= Japan: Typhoon Dujuan Strikes =

Typhoon Dujuan, the 25th of the season, made a direct hit on the eastern part of Japan's Honshu Island around September 21, 2026, triggering historic torrential rains and landslides.

September 15–16: The typhoon formed from a tropical depression near Guam, subsequently moving northwest and intensifying.

September 19–20: Dujuan intensified into a moderate typhoon (classified as a "severe tropical storm" by the China Meteorological Administration); its path shifted sharply northward, aiming directly for Japan's main island and the Kanto region.
September 21 (Monday, peak impact): Typhoon Dujuan battered eastern Japan with wind speeds reaching 144 km/h. Torrential rains paralyzed large areas of the Kanto region, with rainfall totals breaking historical records in multiple locations.

September 22 (Tuesday): On Tuesday morning, the typhoon's center began moving northeast away from Honshu, weakening and transforming into an extratropical cyclone; however, landslides and secondary disasters triggered by the storm continued.

Rising casualties: According to the latest figures as of the morning of September 23, the typhoon had caused at least 9 deaths and left 4 people missing, with another 22 injured.

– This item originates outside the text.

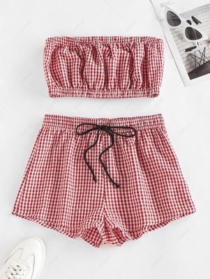 Zaful Lively & timeless gingham brings endless charms to this shoulder-flaunting two-piece featuring a ruched tube top & a pair of drawstring-waist shorts to complete the girly style. Occasion: Casual , Daily Style: Fashion Fit Type: Regular Collar-line: Bandeau Collar Sleeves Length: Sleeveless

Casualties were concentrated in Chiba and Kanagawa prefectures, largely resulting from homes being buried by landslides or people drowning near submerged vehicles. Mass evacuation: Japan's Ministry of Internal Affairs and Communications and the Fire and Disaster Management Agency issued emergency evacuation advisories to over 1.9 million residents across six prefectures, including Ibaraki, Chiba, Tokyo, and Kanagawa.